**TASK BRIEF:**
For this task, copy all of the data below exactly and skip the pictures.

**RECORDED DATA:**
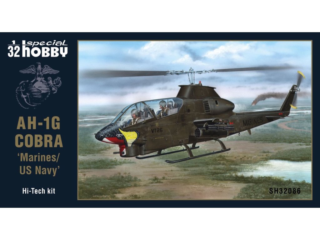 Stavebnica AH-1G Cobra 'Marines/US Navy' Hi-Tech v mierke 1/32 od Special Hobby zobrazuje prvý bojový vrtuľník určený na nasadenie americkou námornou pechotou (USMC) a americkým námorníctvom (USN) počas vojny vo Vietname. Vrtuľník AH-1G Cobra, pôvodne vyvinutý ako útočný variant pre americkú armádu, bol upravený aj pre potreby námornej pechoty, kde poskytoval rozhodujúcu palebnú podporu operáciám v pobrežných a riečnych oblastiach juhovýchodnej Ázie.
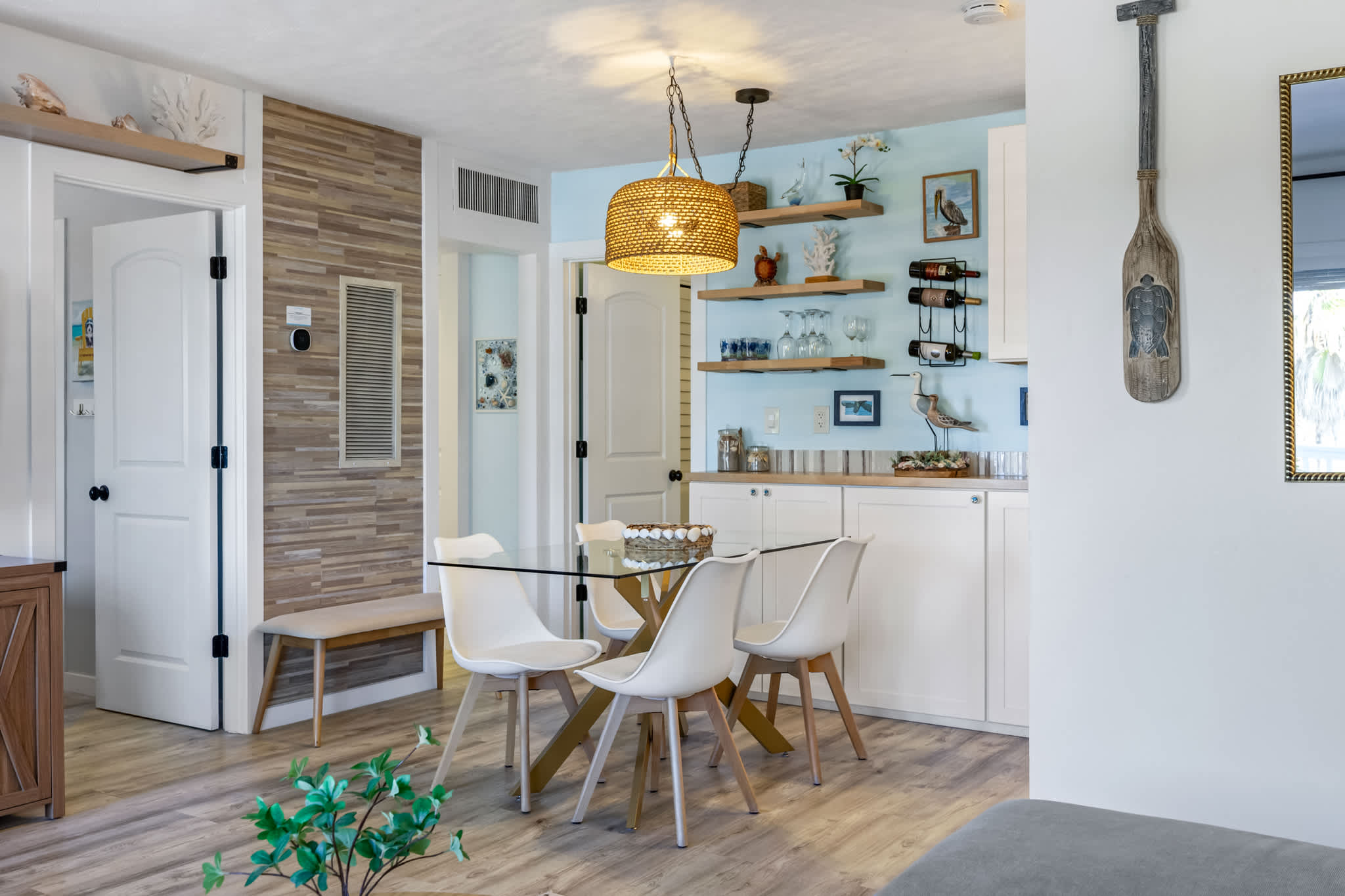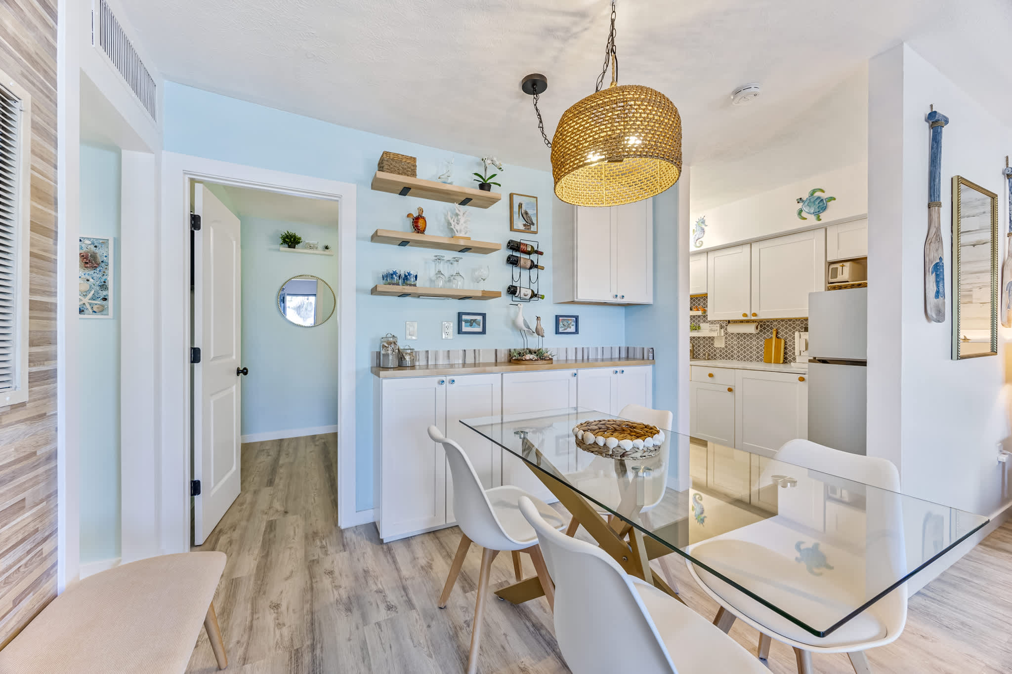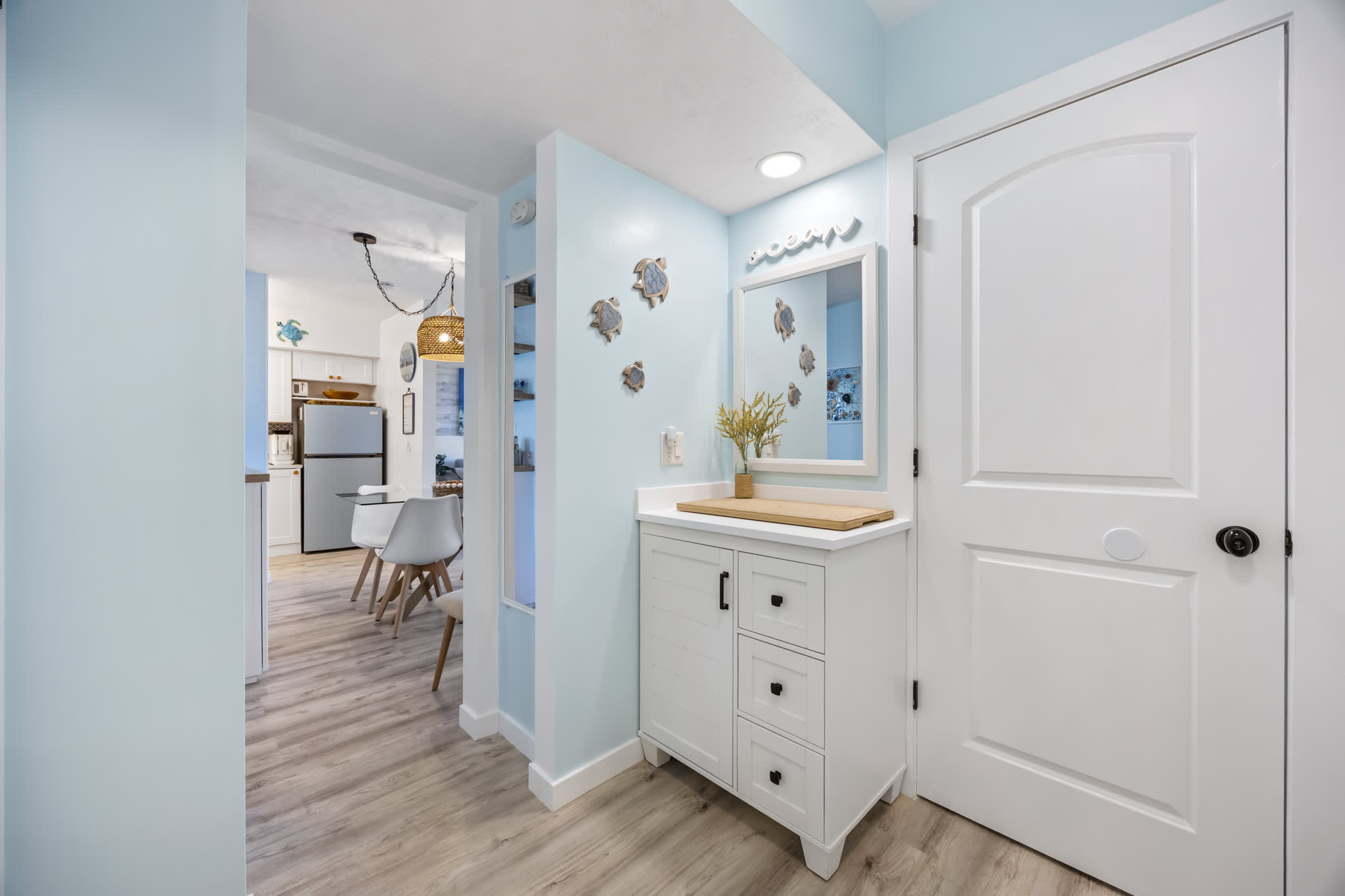 The spacious bathroom includes two vanities and a walk-in shower, ideal for refreshing after a day in the sun. Dive into the heated pool, rinse off after a beach day in the outdoor shower, grill up something delicious on the BBQ located on the pool deck or unwind in the cozy living room while watching the sunrise and sunset right from your front door. There is also onsite coin laundry available. Located in the secluded south Cocoa Beach area, this condo is just a short drive from downtown’s bustling attractions. Enjoy the convenience of a favorite local eateries nearby and don’t miss the excellent, unobstructed views of the space coast’s spectacular rocket launches. With this complex only having 16 units, it makes this beach getaway very secluded. It also includes a designated parking spot. Plus, with close access to Interstate 95, exploring further afield is effortlessly within reach.
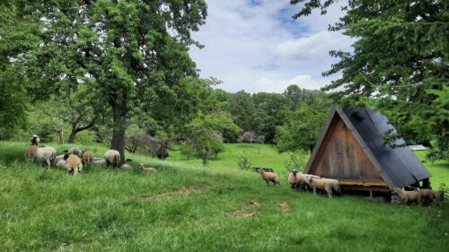 Supermooi gelegen trekkershutje in het weiland tussen de schapen.
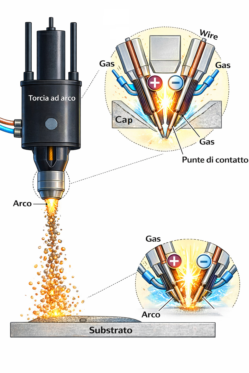 - Electric Wire-Arc, in cui il materiale d’apporto in filo viene fuso mediante un arco elettrico generato tra due elettrodi consumabili;
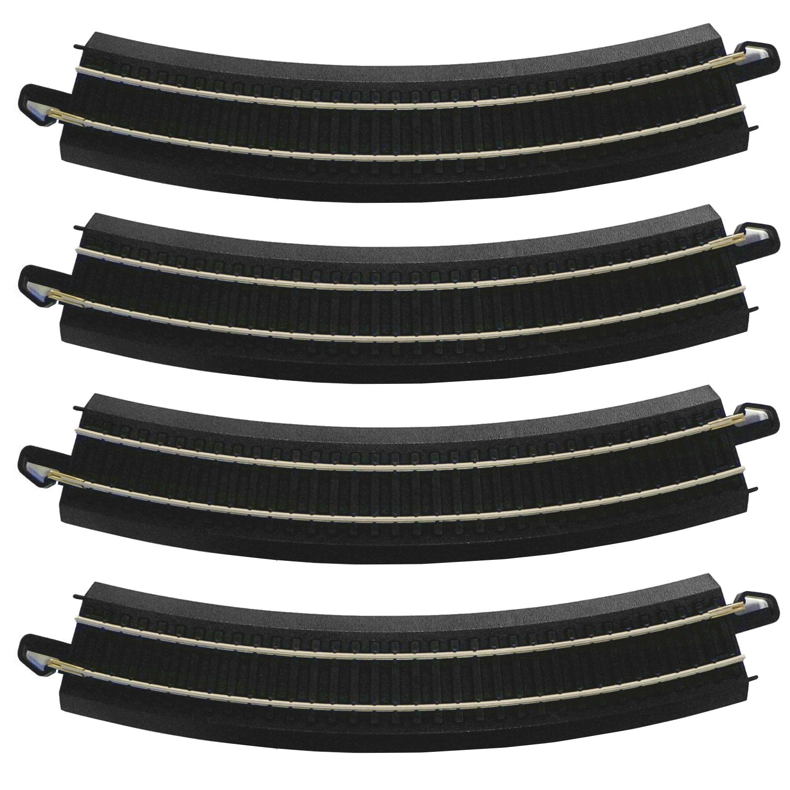 – Includes 21 pieces of 18″ radius curved track and a 30 degree crossing track
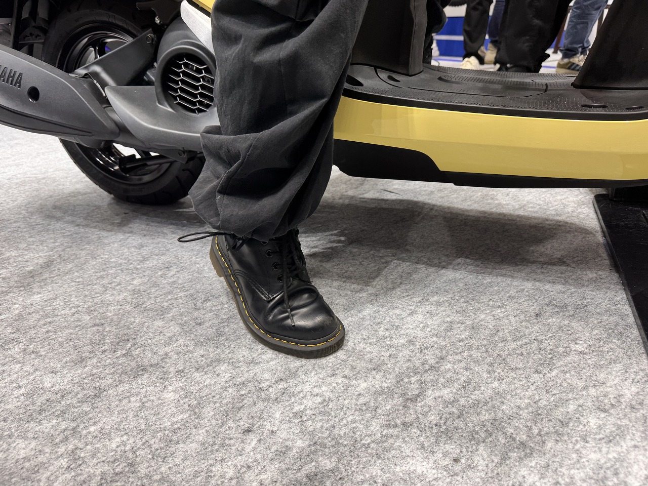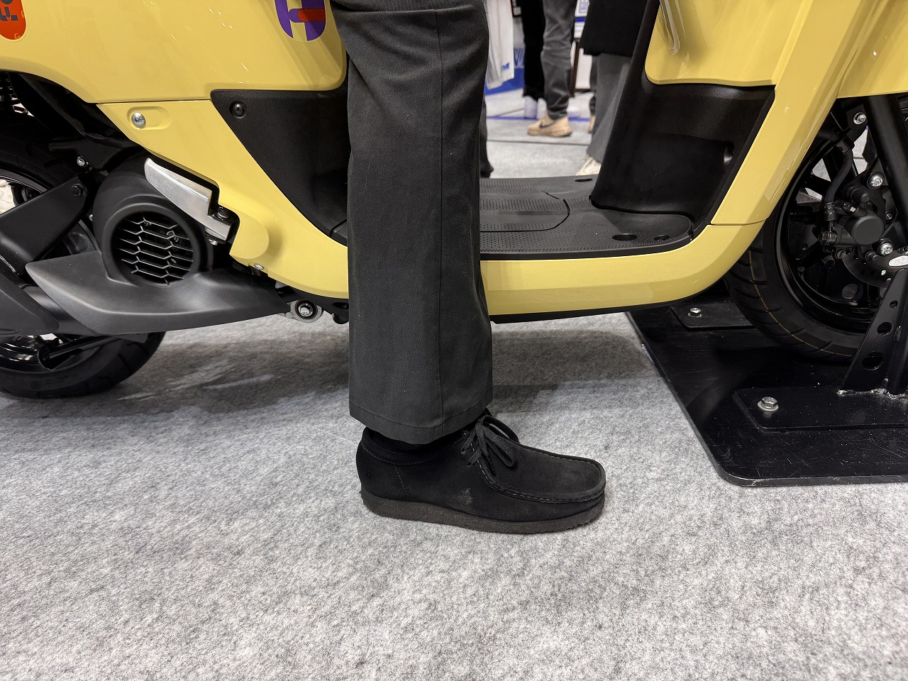 上が身長174㎝の男性スタッフ、下が身長160㎝女性スタッフが跨った足つきです!
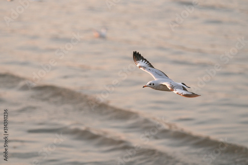 seagull in flight sunset

**ANSWER TO THIS TASK:**
 Stavebnica AH-1G Cobra 'Marines/US Navy' Hi-Tech v mierke 1/32 od Special Hobby zobrazuje prvý bojový vrtuľník určený na nasadenie americkou námornou pechotou (USMC) a americkým námorníctvom (USN) počas vojny vo Vietname. Vrtuľník AH-1G Cobra, pôvodne vyvinutý ako útočný variant pre americkú armádu, bol upravený aj pre potreby námornej pechoty, kde poskytoval rozhodujúcu palebnú podporu operáciám v pobrežných a riečnych oblastiach juhovýchodnej Ázie.
 The spacious bathroom includes two vanities and a walk-in shower, ideal for refreshing after a day in the sun. Dive into the heated pool, rinse off after a beach day in the outdoor shower, grill up something delicious on the BBQ located on the pool deck or unwind in the cozy living room while watching the sunrise and sunset right from your front door. There is also onsite coin laundry available. Located in the secluded south Cocoa Beach area, this condo is just a short drive from downtown’s bustling attractions. Enjoy the convenience of a favorite local eateries nearby and don’t miss the excellent, unobstructed views of the space coast’s spectacular rocket launches. With this complex only having 16 units, it makes this beach getaway very secluded. It also includes a designated parking spot. Plus, with close access to Interstate 95, exploring further afield is effortlessly within reach.
 Supermooi gelegen trekkershutje in het weiland tussen de schapen.
 - Electric Wire-Arc, in cui il materiale d’apporto in filo viene fuso mediante un arco elettrico generato tra due elettrodi consumabili;
 – Includes 21 pieces of 18″ radius curved track and a 30 degree crossing track
 上が身長174㎝の男性スタッフ、下が身長160㎝女性スタッフが跨った足つきです!
 seagull in flight sunset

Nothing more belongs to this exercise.